Stuart no sólo paga más a los repartidores sino que, en buena parte de los clientes, también cobra menos. Ahora cuenta con importantes clientes dentro y fuera del sector de la comida como KFC, Decathlon, Carrefour y Zalando. Una importante cadena de comida rápida explica las condiciones de pago que mantiene con la compañía y que resulta, en gran medida, ventajosa. “Venden el servicio con un listado. Hasta 3,5 kilómetros cobran entre 5 y 6 euros por envío. El esquema sale mucho más rentable cuando los pedidos son de cantidades elevadas porque la comisión que tenemos que pagar por delivery es mucho menor que el resto de la compañías que cobran una comisión fija sobre el pedido”, explican los responsables de una cadena que ha decidido trabajar con la nueva distribuidora.

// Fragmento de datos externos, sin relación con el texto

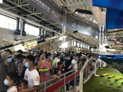 航展期間,備受關(guān)注的中國(guó)兵器館,參觀的觀眾絡(luò)繹不絕。

“En un pedido de 40 euros, por ejemplo, a Stuart le podemos pagar 6 euros, pero a otro competidor tendríamos que pagar unos 13 euros por el mismo envío”, añade.

Las compañías como Glovo o Deliveroo cobran a los restaurantes una comisión fija del 30% de la facturación, pero Stuart cobra solo entre 5 y 6 euros por envíos cercanos

Aunque la cadena trabaja con tablas fijas, negocia los precios en función de la facturación de cada cadena de restaurante, según explican fuentes cercanas a la compañía. No es una práctica demasiado distinta a la que aplican Glovo, Just Eat, Deliveroo o UberEats, tres de las grandes del sector que negocian con cada restaurante en función del volumen de negocio.

A diferencia de Just Eat, Stuart no es un marketplace, sino que reparte la mercancía que los usuarios compran directamente en la web de los restaurantes. Stuart muestra sus ventajas sobre la competencia, presume de mejor plataforma tecnológica que el resto, pero aumenta las dudas generales del sector. ¿Hay espacio para todos?

El negocio de la entrega de comida a domicilio sigue siendo un negocio en pérdidas y Deliveroo, Glovo, Just Eat, UberEats y ahora Stuart están muy lejos de alcanzar la rentabilidad. Todo es cuestión de dinero y aguante. Y Stuart tiene capital para aguantar ofreciendo mejores precios tanto a los trabajadores como a los restaurantes. La pregunta es hasta cuándo.